▸ **YOUR TASK**
Extract the stretch of lines that starts at the line with "Bình có năng" and ends at the last line of the data below. Give it exactly, without pictures.
##############################
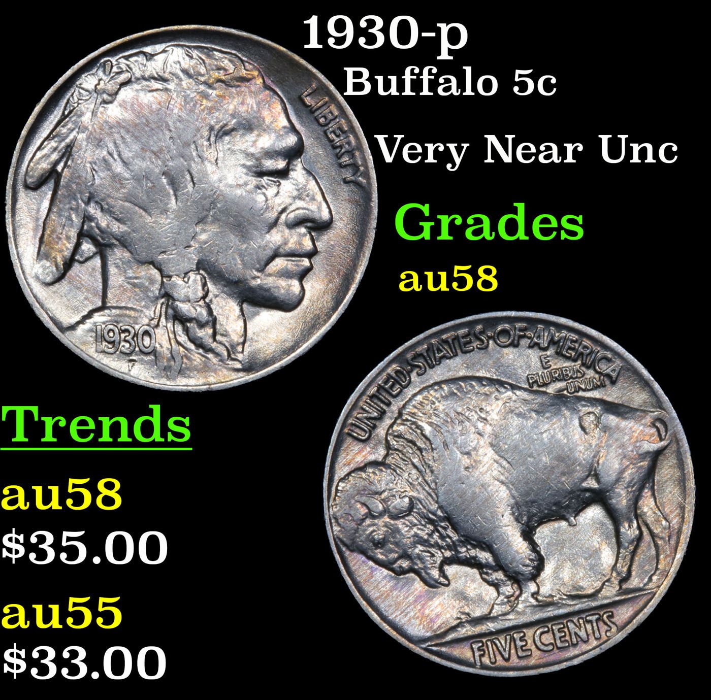 1930-p Buffalo Nickel 5c Grades Choice AU/BU Slider.
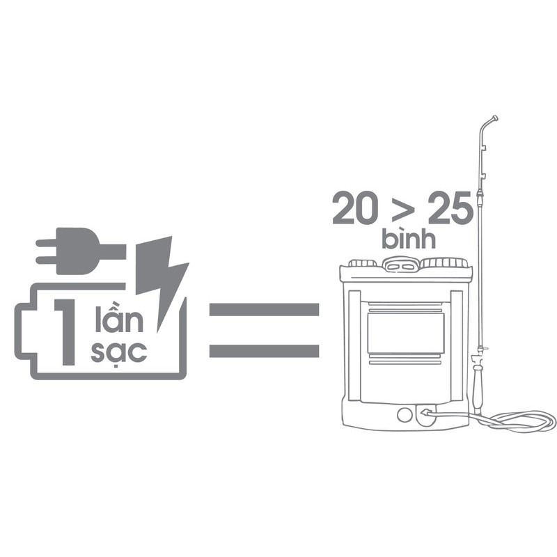 Bình có năng suất sử dụng cao: sử dụng hiệu quả cho việc phun xịt từ 20 -> 25 bình cho một lần sạc giúp làm giảm sức lao động và tăng hiệu quả làm việc
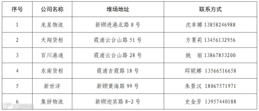 关于北仑开放首批仓库和第二批外堆场的告知函
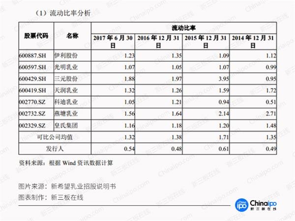 而在偿债能力指标上,新希望乳业对比同业公司差距更为巨大。财务数据显示,截至2017年上半年,公司流动比率为0.54,可比上市公司均值为1.32;速冻比率为0.45,可比上市公司均值为1.06。两项指标均远不及可比公司均值的一半。
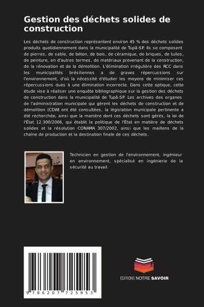 Les déchets de construction représentent environ 45 % des déchets solides produits quotidiennement dans la municipalité de Tupã-SP. Ils se composent de pierres, de sable, de béton, de bois, de céramique, de briques, de tuiles, de peinture, en d'autres termes, de matériaux provenant de la construction, de la rénovation et de la démolition. L'élimination irrégulière des RCC dans les municipalités brésiliennes a de graves répercussions sur l'environnement, d'où la nécessité d'étudier les moyens de minimiser ces répercussions dues à une élimination incorrecte. Dans cette optique, cette étude vise à réaliser une enquête bibliographique sur la gestion des déchets de construction dans la municipalité de Tupã-SP. Les archives des organes de l'administration municipale qui gèrent les déchets de construction et de démolition (CDW) ont été consultées, la législation municipale pertinente a été recherchée, ainsi que la manière dont ces déchets sont gérés, la loi de l'État 12.300/2006, qui établit la politique de l'État en matière de déchets solides et la résolution CONAMA 307/2002, ainsi que les maillons de la chaîne de production et la destination finale de ces déchets.
##############################
▸ **ANSWER BELOW**
 Bình có năng suất sử dụng cao: sử dụng hiệu quả cho việc phun xịt từ 20 -> 25 bình cho một lần sạc giúp làm giảm sức lao động và tăng hiệu quả làm việc
 关于北仑开放首批仓库和第二批外堆场的告知函
 而在偿债能力指标上,新希望乳业对比同业公司差距更为巨大。财务数据显示,截至2017年上半年,公司流动比率为0.54,可比上市公司均值为1.32;速冻比率为0.45,可比上市公司均值为1.06。两项指标均远不及可比公司均值的一半。
 Les déchets de construction représentent environ 45 % des déchets solides produits quotidiennement dans la municipalité de Tupã-SP. Ils se composent de pierres, de sable, de béton, de bois, de céramique, de briques, de tuiles, de peinture, en d'autres termes, de matériaux provenant de la construction, de la rénovation et de la démolition. L'élimination irrégulière des RCC dans les municipalités brésiliennes a de graves répercussions sur l'environnement, d'où la nécessité d'étudier les moyens de minimiser ces répercussions dues à une élimination incorrecte. Dans cette optique, cette étude vise à réaliser une enquête bibliographique sur la gestion des déchets de construction dans la municipalité de Tupã-SP. Les archives des organes de l'administration municipale qui gèrent les déchets de construction et de démolition (CDW) ont été consultées, la législation municipale pertinente a été recherchée, ainsi que la manière dont ces déchets sont gérés, la loi de l'État 12.300/2006, qui établit la politique de l'État en matière de déchets solides et la résolution CONAMA 307/2002, ainsi que les maillons de la chaîne de production et la destination finale de ces déchets.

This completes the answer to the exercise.